As I explained previously (here and here), I’ve been writing a piece that examines Congress’s involvement in international diplomacy. One half of the article documents the nature and extent of the contemporary practice, while the other analyzes that practice from a separation-of-powers angle. As the data in the last post demonstrated, legislative diplomacy in the form of CODEL travel is a major form of engagement between the United States and foreign countries. Now I want to discuss some of the reasons why the numbers from the last post are significant.

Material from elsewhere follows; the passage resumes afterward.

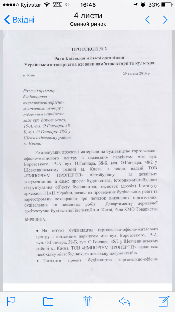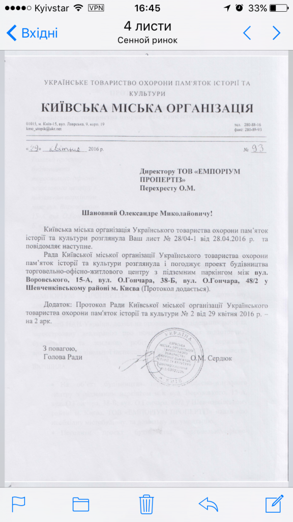 Казалось бы, человек должен знать и любить Киев. Но после увольнения из НЗ «София Киевская» она создает организацию, которая начинает разрабатывать ИГО (среди них - ИГО по застройке территории бывшего Сенного рынка), и, будучи председателем Киевской организации УООПИК – Украинское общество охраны памятников истории и культуры (КО УООПИК), одобряет его от имени этой организации, чем способствует принятию этого ИГО Минкультуры. Ниже приведено письмо-согласование ИГО КО УООПИК строительства жилого комплекса с высотностью 7-23 этажа, общей площадью 106,178 тыс. кв. метров. В нем приведены новые (по сравнению с ГУ от 2013 г.) цифры по этажности и площади комплекса. Активистам и журналистам, выступающим против стройки, известна еще одна цифра общей площади комплекса – 113,116 тыс. кв. метров. Последняя, судя по всему, является правдивой – ЖК «Ярославов градъ» огромен.

First, the findings at least partially contradict the common perception that CODEL travel is nothing more than a series of taxpayer-funded boondoggles for profligate legislators. With places such as Afghanistan, Iraq, and Pakistan among the most common destinations, and with members of congressional committees such as Foreign Affairs and Armed Services traveling more than their counterparts on other committees, it is apparent that something other than vacationing is going on. Wikileaks confirms as much—an overwhelming majority of the State Department cables show legislators using foreign travel to gather information about economic, political, and social conditions in host countries. The idea, it seems, is that legislators can educate themselves by meeting with foreign officials and personally observing foreign conditions, and then use their knowledge to develop more effective legislative solutions to foreign policy problems. Wikileaks shows that another rationale for CODEL travel is lobbying; legislators often use their meetings with foreign officials to press foreign governments to act in ways that promote U.S. interests or, less frequently, the interests of specific constituents. One might fairly question whether CODELs are effective means of pursuing these goals, but it’s clear that the goals are not sightseeing and leisure. The intermittent public debate on CODEL expenditures needs to acknowledge that.

Second, the results show that the conduct of foreign relations is, from an institutional perspective, more complicated than commonly assumed. In practice, diplomacy is not an executive prerogative; it’s a crowded field occupied by the President, State Department, and other executive actors, plus both chambers of Congress. And in practice, the Senate is not necessarily more involved in foreign relations than the House. As I explained before, House members participated in CODELs even more frequently than their Senate counterparts in 2009, both in aggregate and on a per-legislator basis.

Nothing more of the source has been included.